人混みが苦手な私にとっては、夕方から夜の人が少ない時間にこっそりと行くのが毎年の恒例だった。
その日も、いつものように、ふらふらーと歩いて、写真をパシャパシャして、少しゆっくり眺めてから帰ろうと思っていた。

パシャと写真を撮っていたら、後ろから「綺麗ですよね〜」なんて声をかけられた。
服を買いに行っても、靴を買いに行っても、店員さんに話しかけられないように影を薄くして、なるべく存在感を消そうと心がけているし、仮に店員さんが寄ってこようものならばその空気を察して、先回りして逃げる。
が、スタイルの私にとって、その声は思いがけないものだった。

むしろ、私にかけられた声なのか?、と最初は疑ってしまった。
そうですよね〜、あはは…。

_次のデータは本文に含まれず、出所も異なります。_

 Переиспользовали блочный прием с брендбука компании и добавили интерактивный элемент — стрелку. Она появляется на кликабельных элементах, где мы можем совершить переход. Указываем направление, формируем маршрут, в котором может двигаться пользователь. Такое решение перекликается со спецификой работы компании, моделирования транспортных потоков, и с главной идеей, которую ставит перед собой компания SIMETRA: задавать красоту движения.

なんて、動揺して当たり障りのない言葉しか出なかった。

人生で初めて、店員さんに後ろから声をかけられた。
いや、人生で初めて、店員さんに声をかけられた

それが、その店員さんの第一印象だった。

それから、ちょっとした用事もあって、自然とそこのコーヒー屋さんを利用する機会が増えた。
店内で飲食ではなくて、コーヒー豆を買っては帰るだけ。
その店員さんと出会うのはいつも、ではなかったし、いついるのかも知らなかった。

でも、他の店員さんと話をするのも好きだった。
ふわっとしたような柔らかさと、心地よい距離感。
それが店員さんに共通していたものだと思う。

心地よい時間が多くなると、不思議なもので自然とお店でコーヒーを飲む時間が増えた。
限りある時間の中で、少しずついろんな話をした。

今日は良い天気ですね、お客さん増えて大変な時期ですね、そろそろ寒くなってきそうで…。
当たり障りのない、なんてことはない日常の会話の一つ一つ。
そんな中でも、他愛のない雑談で笑ったり、少し心が救われたりする時間ももちろんあった。

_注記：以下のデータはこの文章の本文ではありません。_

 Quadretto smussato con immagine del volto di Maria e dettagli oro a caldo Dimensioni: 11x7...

何も話さず、注文だけしてボーッと窓から外を眺める時間もあった。
ときには、コーヒーの淹れ方や、コーヒー豆の話を詳しく話してもらえることもあった。

そうしていつしか、人が少なくなった時間にこそっと訪れてはゆっくりした時間を過ごすことが、当たり前になった。

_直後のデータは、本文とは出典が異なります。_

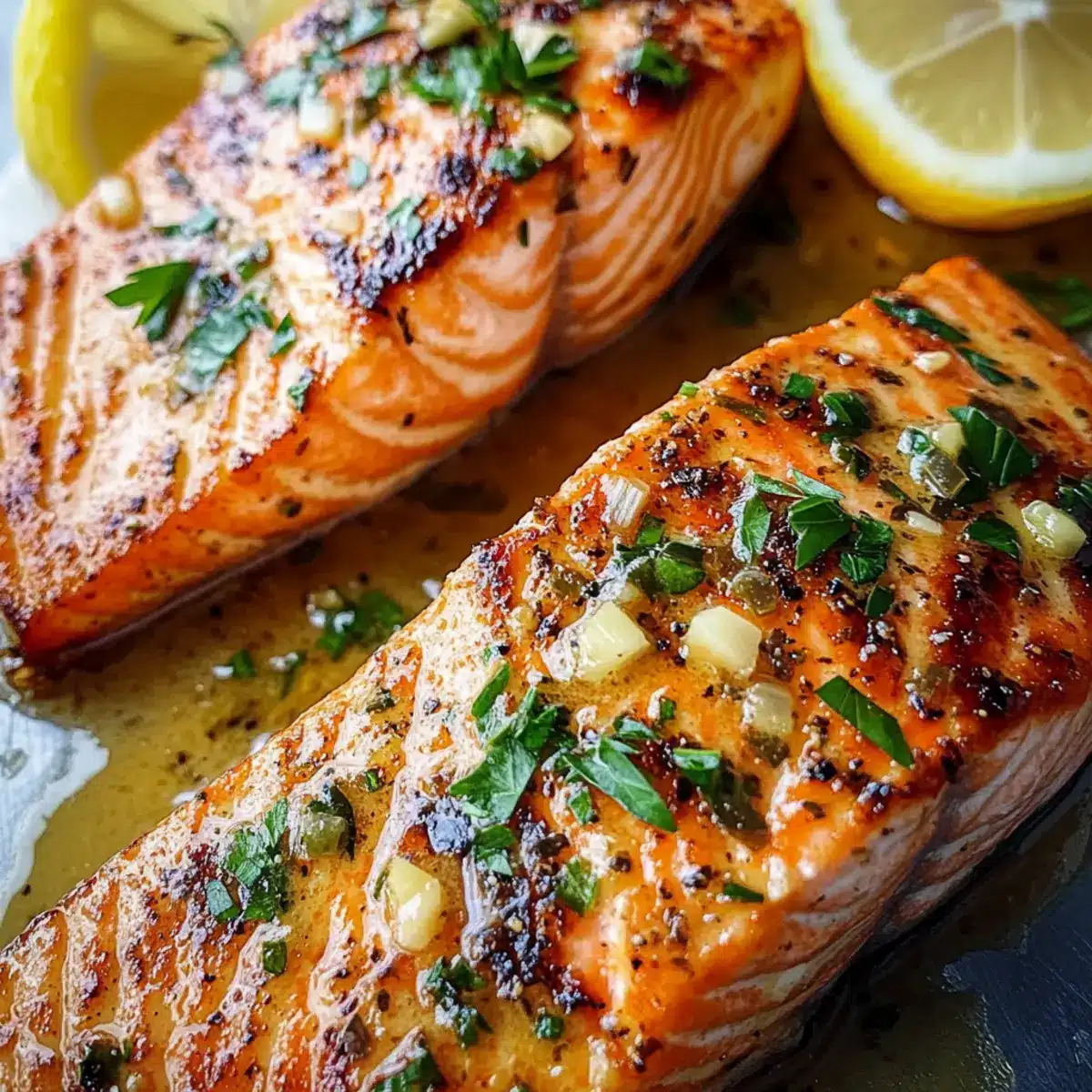 Die Zubereitung dieses Knoblauchbutterlachs Rezepts ist ideal für vielbeschäftigte Köche, die Zeit sparen möchten! Du kannst die Lachsfilets bereits bis zu 24 Stunden im Voraus vorbereiten, indem du sie würzt und in einer luftdichten Verpackung im Kühlschrank lagerst, um Frische und Geschmack zu erhalten. Die Knoblauchbuttersauce kann ebenfalls bis zu 3 Tage vorher zubereitet und im Kühlschrank aufbewahrt werden; erwärme sie einfach in der Pfanne, bevor du sie über den Lachs gibst. Wenn du bereit bist zu servieren, erhitze einfach etwas Olivenöl in einer Pfanne, brate den marinierten Lachs nach Anleitung und kombiniere ihn mit der vorbereiteten Sauce – so hast du ein köstliches Gericht mit minimalem Aufwand, ganz gleich wie hektisch dein Tag auch sein mag!

そんな頃に、いつも店内で同じBGMがループするように流れてることに気がついた。
なんてことはない、ピアノの音だけの音楽。
でもいつ来ても、飽きることのない新鮮に聞こえてくる音。

たまたま、その店員さんがいた時にレジでコーヒーを頼みながら訊いてみた。

いつも店内で流れている音楽って、誰がセレクトしているんですか?

その店員さんの横にいた店員さんが、「あぁ、彼が選んでプレイリストをつくってくれるんですよ〜」と教えてくれた。
その店員さんは、少し照れくさそうに、前の職場の話や通っていたCDのセレクトショップの話、そして今流れてる音楽のことを楽しそうに教えてくれた。
「そのお店、今は実店舗がないですけどオンライン通販やっていると思うので、よかったら調べてみてください」
と話すその店員さんに相槌を打ちながら、スマホでメモをし、あとでゆっくりみてみよう、なんてその時は思った。

まさかそのお店を調べてから、自分の音楽の感性を刺激され、どんどん好きなものを見つけ、今まで知らなかったことに後悔することになるなんて思わなかった。

その時まで、同年代といつも音楽の価値観が合わなくて、周りにも好きな音楽が同じ人がいなかった私にとっては、好きな音楽の話をすることってこんなに楽しいんだと思った時間でもあった。

その店員さんには、本当にいろんなことを教えてもらった。
そして、その店員さんだけではなくて、そのお店にいた店員さん全員にいろんなことを教えてもらった。
あの月日の思い出は、今も色濃く記憶に残っている。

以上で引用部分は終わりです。